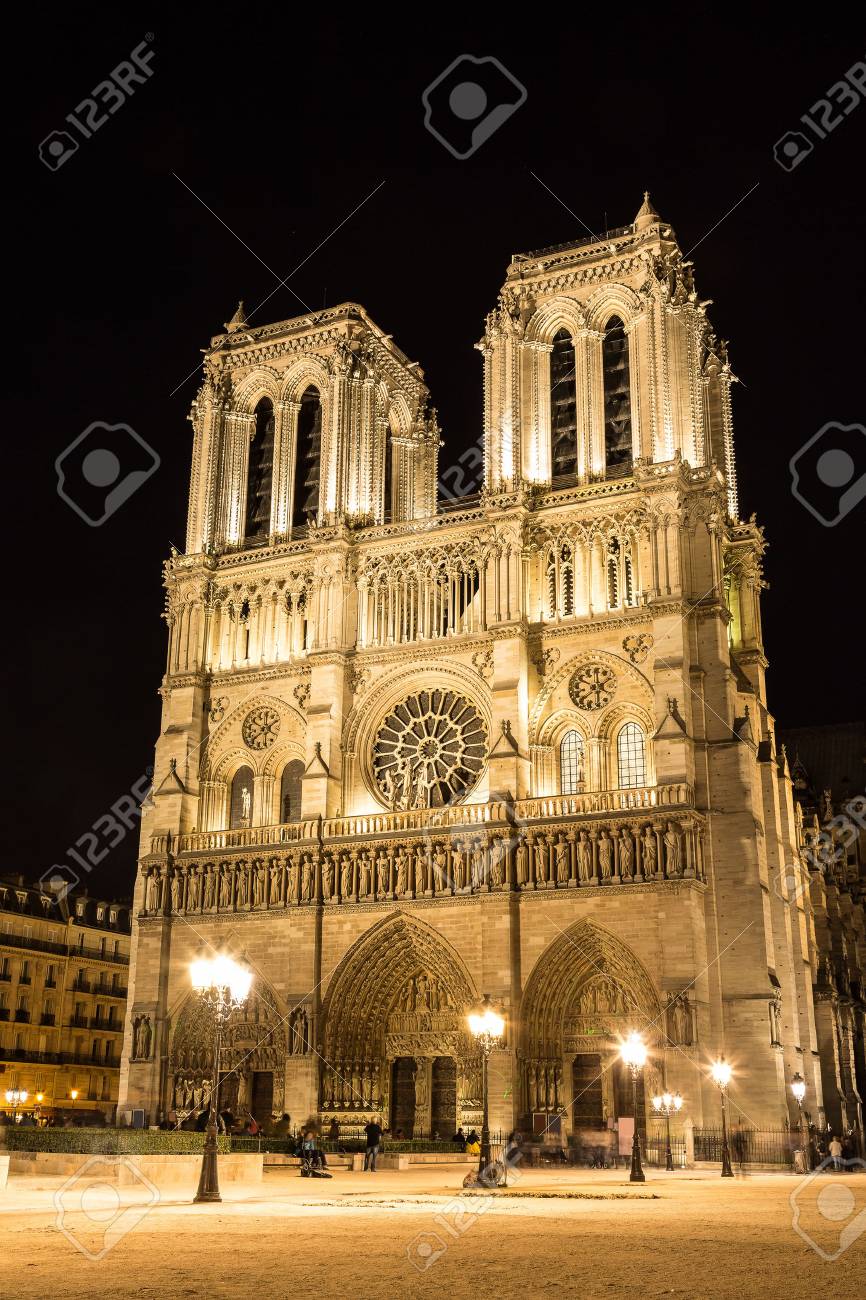 Notre Dame De Paris Cathedral At Night Is One Of The Most Visited Stock Photo Picture And Royalty Free Image Image 45438569
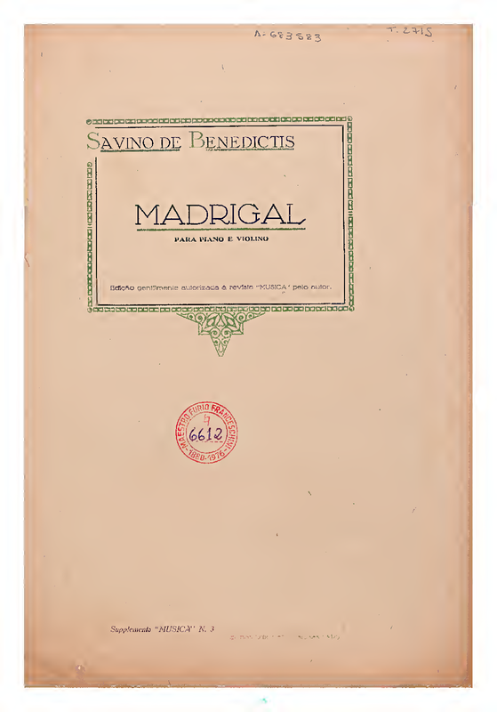 | Genre Categories | Madrigals; Pieces; For violin, piano; |
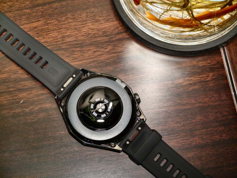 圆形传感器区域集成了多个通讯和监测元件,NFC、心率、血氧等一应俱全,印证了华为在健康监测领域的技术积累。

- **Work to complete**:
This exercise asks for the data above to be given again exactly, without pictures.

- **Answer**:
 Notre Dame De Paris Cathedral At Night Is One Of The Most Visited Stock Photo Picture And Royalty Free Image Image 45438569
 | Genre Categories | Madrigals; Pieces; For violin, piano; |
 圆形传感器区域集成了多个通讯和监测元件,NFC、心率、血氧等一应俱全,印证了华为在健康监测领域的技术积累。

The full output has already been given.